The new measures comprise the move of data storage and processing for a number of regions, the relocation of software assembly and the opening of the first Transparency Center.
Relocation of customer data storage and processing
By the end of 2019, Kaspersky Lab will have established a data center in Zurich and in this facility, will store and process all information for users in Europe, North America, Singapore, Australia, Japan and South Korea, with more countries to follow. This information is shared voluntarily by users with the Kaspersky Security Network (KSN) an advanced, cloud-based system that automatically processes cyberthreat-related data.

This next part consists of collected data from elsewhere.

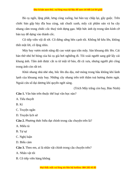 Câu 1. Văn bản trên thuộc thể loại văn học nào? A. Tiểu thuyết B. Kí C. Truyện ngắn D. Truyện lịch sử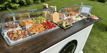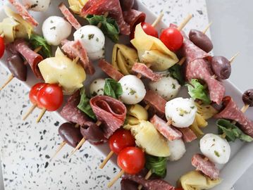 Our Elevated cart serves premium meats and cheeses with the standard accompaniments. An assortment of appetizer skewers is included, with tempting options like our signature antipasto skewers.
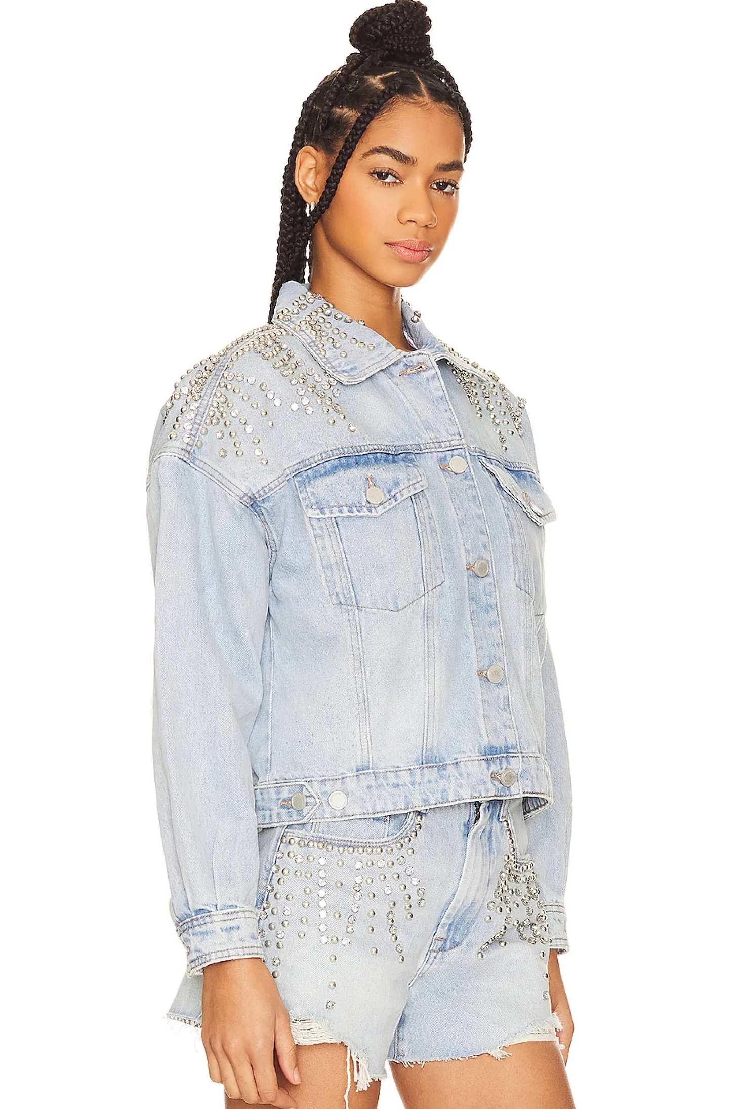 100% cotton.Made in China.Machine wash recommended.Front button closure.Breast flap pockets with button closure.Button cuffs.Silver-tone studs and crystal embellishments.Midweight denim fabric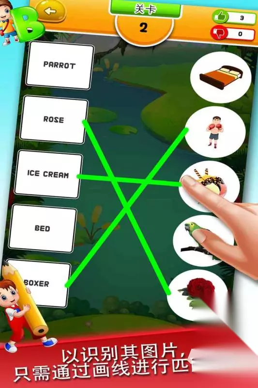 不仅考验眼力,更挑战手速,随着关卡推进,障碍物、限时挑战和特殊道具的加入,让每一次点击都充满策略性。路径规划至关重要,精确计算连线角度才能在复杂布局中找到最佳消除方案。丰富的关卡设计带来不同玩法变化,特殊模式更增添挑战乐趣。40多种萌宠形象各具特色,细腻的动画让消除过程更加生动。 高速下载 普通下载 优先233乐园APP下载 2、《英文连连看》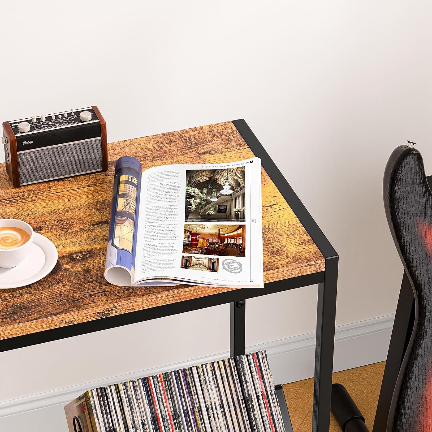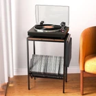 Facmogu Record Player Stand, 2-Tier Vinyl Storage Holder Rack, Black Product Details Material: Wood, Metal Color: Black Product Dimensions: 17.13"D x 13.2"W x 25.79"H Included Components: Assembly Guide Item Weight: 9.9 Pounds 【2-Tier Storage Space】-- The record player holder provides ample storage space. A spacious tabletop for CDs, radios, Bluetooth speakers and other audio devices; the second open storage tier holds up to 80 LP vinyl records and media essentials; and the side with non-woven storage pouch for keeping your frequently-used records or items ensures that you have easy access to your records and that keep your collection in order 【V-shaped Storage Design】-- The 2-tier vinyl storage rack features a V-shaped angled design that not only helps you access your vinyl records, books or magazines more easily and keep your vinyl records nice and organized, but also protects your vinyl records from falling or slipping while allowing you to add a decorative touch to your record table with beautiful record covers 【Premium Materials】-- Our vintage vinyl record table features high-quality sturdy brown wood grain and strong iron metal materials to ensure its load-bearing capacity, safety and long-lasting. The record rack is made of glossy baked enamel, which enhances durability and shows off elegance and beauty to showcase your unique taste, ideal for your record player and vinyl collection 【Easy Installation】-- The Record Player Table comes with assembly instructions and an installation video to make it easy to assemble this end table with magazine rack. In just 5-10 minutes, without a long, complicated assembly process, you will have a perfect and great storage capacity vinyl record holder to start enjoying your favorite music and displaying and storing your records 【Multi-Functional Holder】-- This 2-tier vintage minimalist vinyl record storage shelf not only can be used as a record player stand to collect and display your vinyl record collection and to store albums, books, magazines, documents, newspapers and office files, etc., but also can be used as a side or end table or nightstand for a small space, perfect for any living room, bedroom, study and office environments, adding a touch of vintage beauty to your home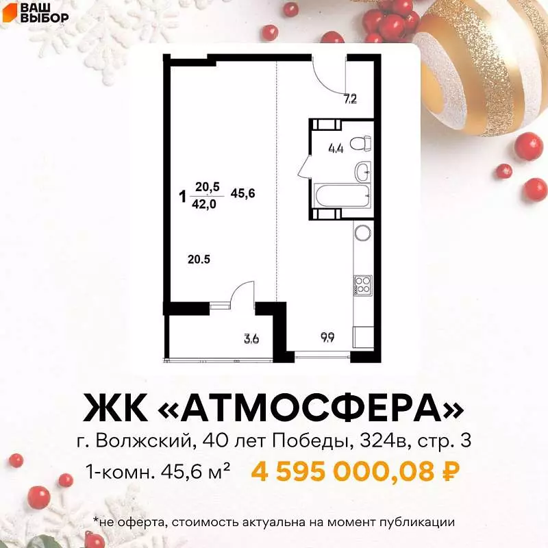 ◦ ЖК «Атмосфера»: продуманные 45.6 м² — для комфортной жизни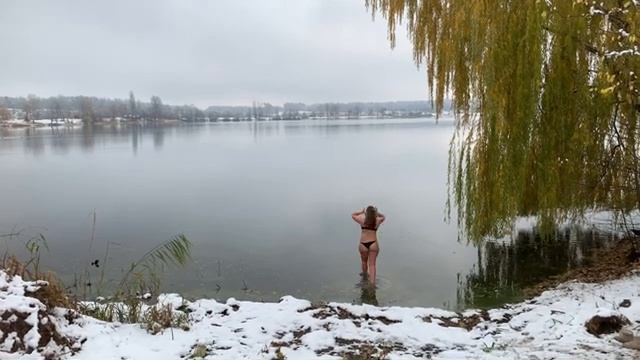 Купальщица в ноябрьском водоеме.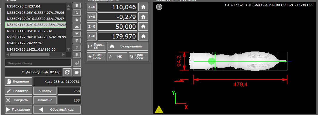 При запуске G-кода с определённой строки Pumotix не просто начинает выполнение с этого места, а восстанавливает состояние параметров интерпретатора для данного кадра, как если бы G-код был выполнен с самого начала. Это позволяет, например, если G-код состоит из двух частей, разделённых командой G92, сразу запустить обработку со второй части, с применением соответствующего смещения.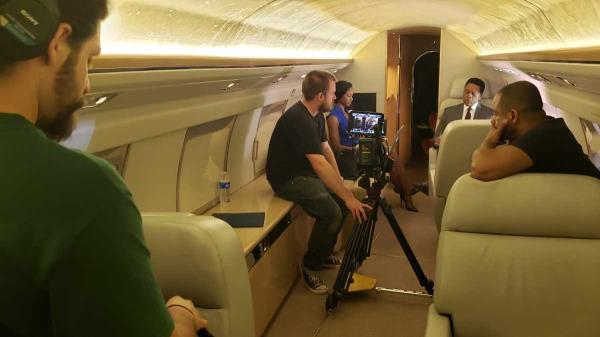 - The jet aircraft for filming is complete with galley and executive lavatory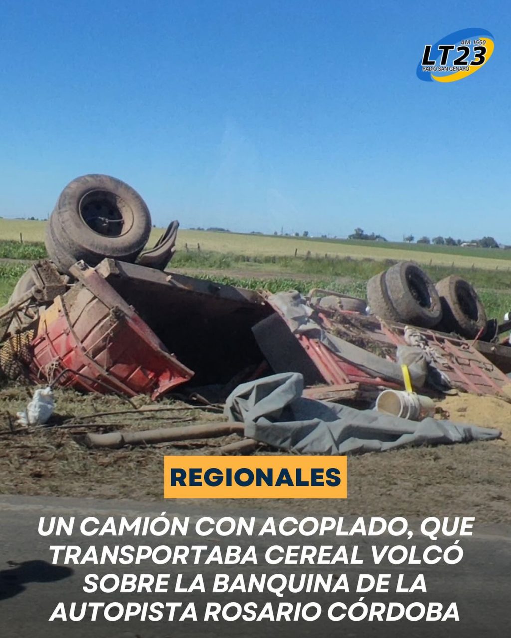 Un camión con acoplado, que transportaba cereal, volcó este fin de semana sobre la banquina de la autopista Rosario Córdoba, circulando hacia Rosario, pocos kilómetros después del cruce con Ruta S26 altura Carcarañá.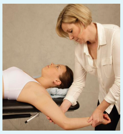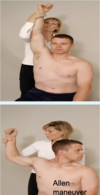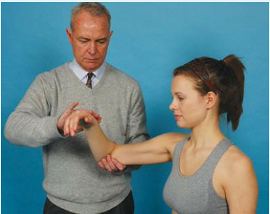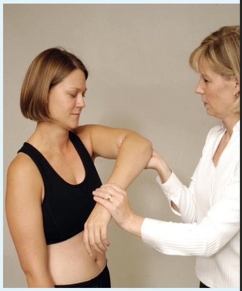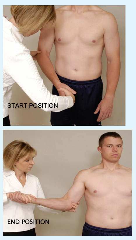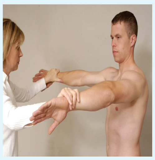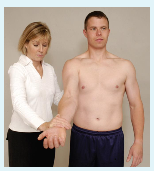 DESCRIPTION: The patient stands with the arm by the side and shoulder muscles relaxed. The examiner grasps the patient’s forearm below the elbow and pulls the arm distally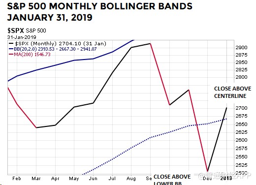 下圖顯示了標普500指數1月31日收于布林通道月線中軌上方。標普500指數在12月收于中軌以下,但在1月份便開始反彈,并成功回到中軌以上: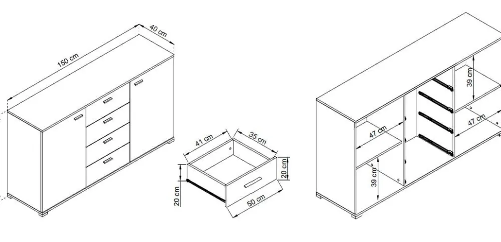 - Komoda wyposażona w dwie półki i cztery szuflady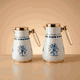 Al Saif Gallery Oasis Thermos Set, 0.75/1 Liter, 2 Pieces, Glass Inner Container, Stainless Steel Outer Body, Push Button, Transparent Handle - Pearl White Blue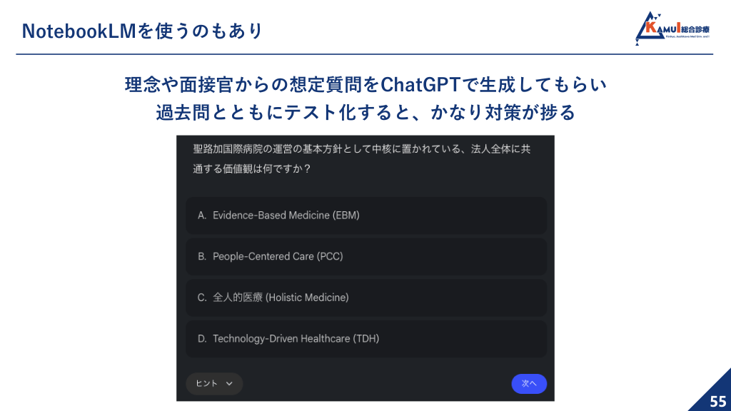 #55. NotebookLMを使うのもあり 理念や面接官からの想定質問をChatGPTで生成してもらい 過去問とともにテスト化すると、かなり対策が捗る 55
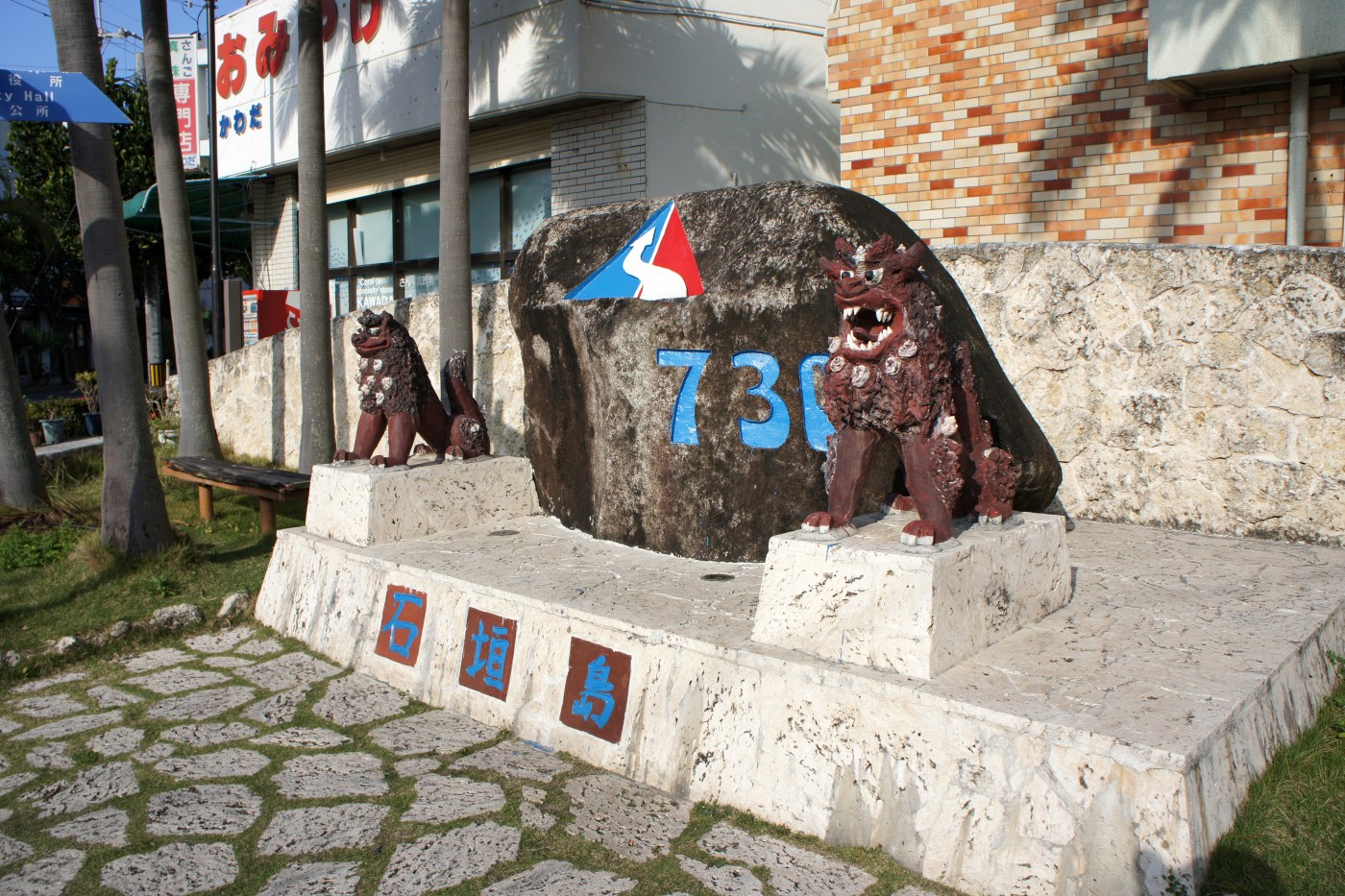 About two months after the day on which Okinawa’s motorists began their switch to driving again on the left side of the road, a stone memorial was set up on Ishigaki-jima to commemorate the date. The three-foot (0.9-meter)-high stone is called the 730 Monument. It is flanked on both sides by shisa lion-dog statues, which are symbols of good luck in this region of Japan. A stylized red, white, and blue logo featuring a traffic arrow was carved and painted into the 730 Monument to represent the shift from right-to-left-hand driving. In the time since its debut, this memorial has become a popular tourist attraction.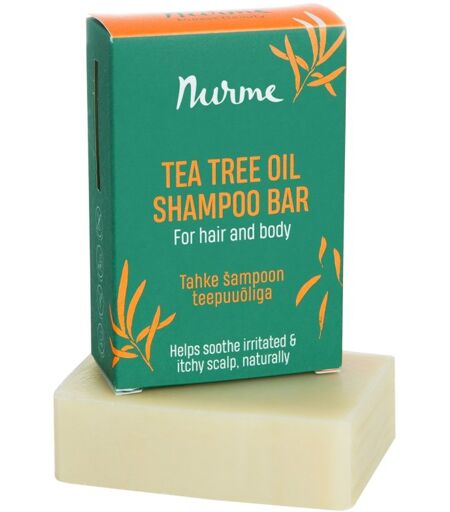 NURME Tea Tree Oil Solid Shampoon ainesosat ravitsevat hiuksia, mutta sitä voidaan käyttää myös koko vartalolla! Kaavan sisältämä sheavoi ravitsee ja pehmentää hiuksia. Teepuu rauhoittaa kutisevaa päänahkaa ja edistää hiusten kasvua. ...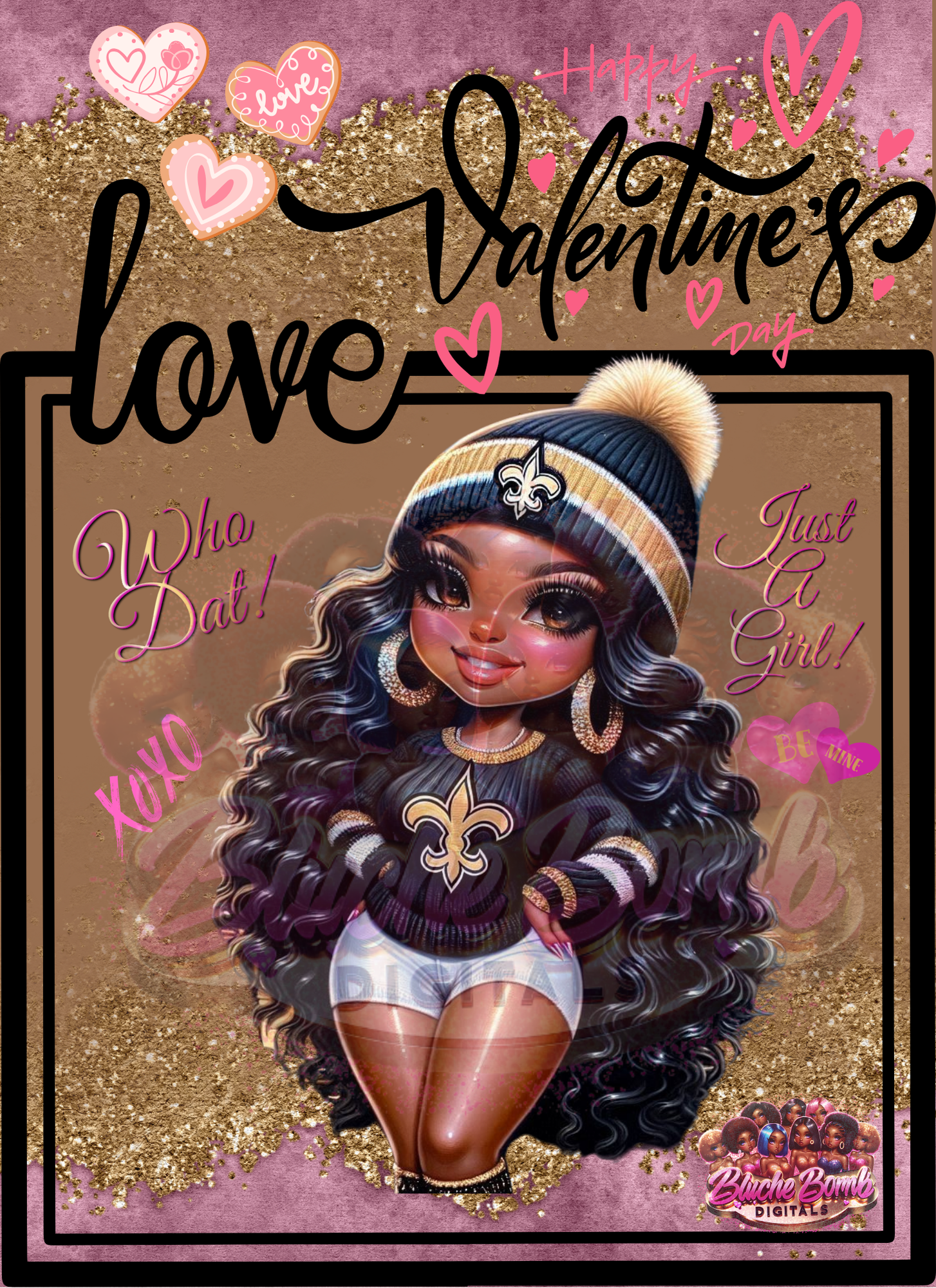 "Celebrate Valentine's Day with bold style and team pride! This eye-catching digital artwork features a glamorous 'Who Dat' theme with shimmering gold accents, making it perfect for fans who love their team and the holiday. Instantly downloadable for personal or creative use!"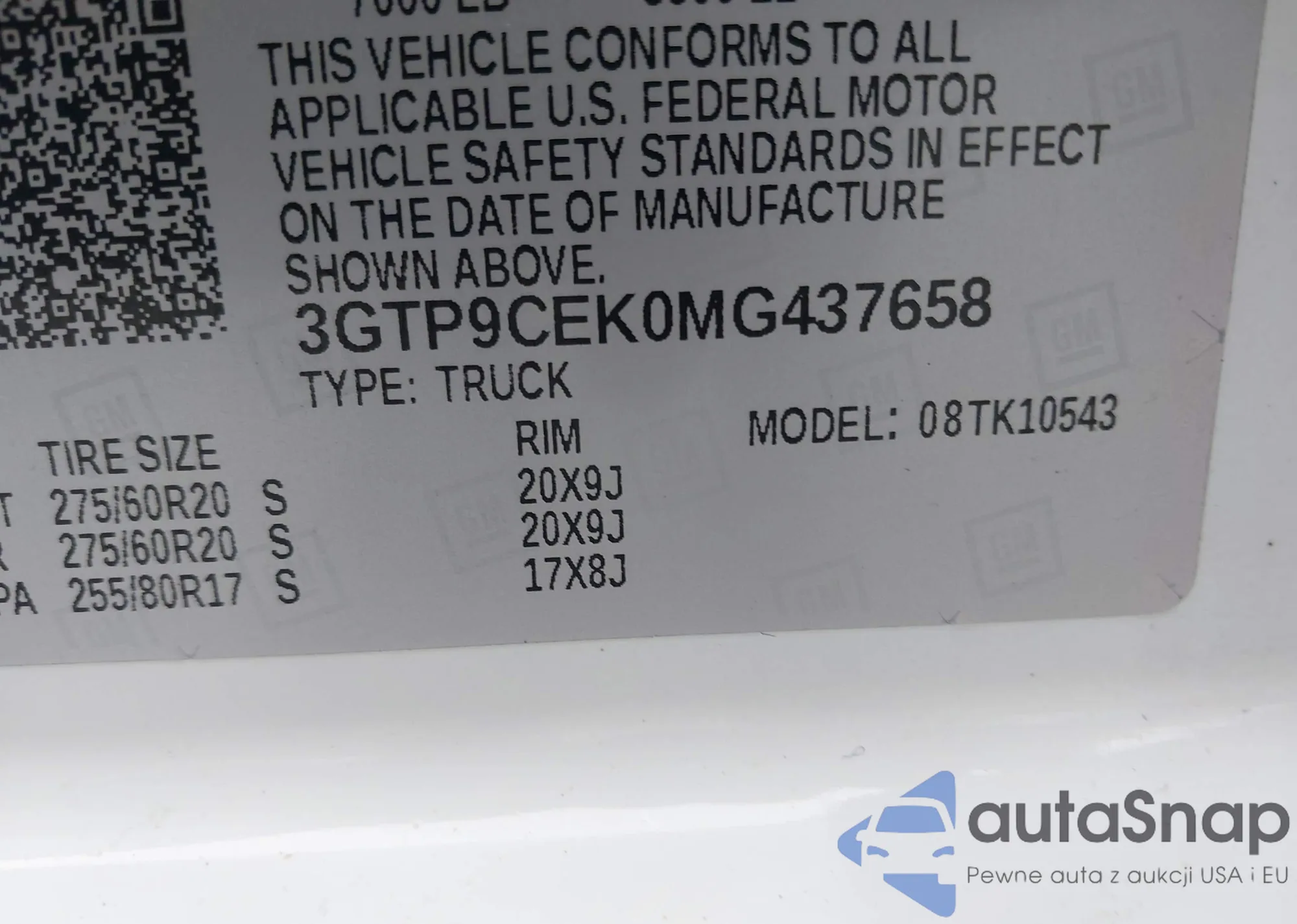 Samochód GMC Sierra 2021 (VIN 3GTP9CEK0MG437658) nie był wcześniej licytowany. Dokumenty są czyste, przebieg odpowiada lub jest niższy niż średnia rynku. Sprzedaje go firma ubezpieczeniowa – polecamy zakup. Dostawa do portu zajmie ok. 6–8 tygodni.

Relocation of software assembly
Kaspersky Lab will relocate to Zurich its ‘software build conveyer’ — a set of programming tools used to assemble ready to use software out of source code. Before the end of 2018, Kaspersky Lab products and threat detection rule databases (AV databases) will start to be assembled and signed with a digital signature in Switzerland, before being distributed to the endpoints of customers worldwide. The relocation will ensure that all newly assembled software can be verified by an independent organisation and show that software builds and updates received by customers match the source code provided for audit.
Establishment of the first Transparency Center
The source code of Kaspersky Lab products and software updates will be available for review by responsible stakeholders in a dedicated Transparency Center that will also be hosted in Switzerland and is expected to open this year. This approach will further show that generation after generation of Kaspersky Lab products were built and used for one purpose only: protecting the company’s customers from cyberthreats.
Independent supervision and review
Kaspersky Lab is arranging for the data storage and processing, software assembly, and source code to be independently supervised by a third party qualified to conduct technical software reviews. Since transparency and trust are becoming universal requirements across the cybersecurity industry, Kaspersky Lab supports the creation of a new, non-profit organisation to take on this responsibility, not just for the company, but for other partners and members who wish to join.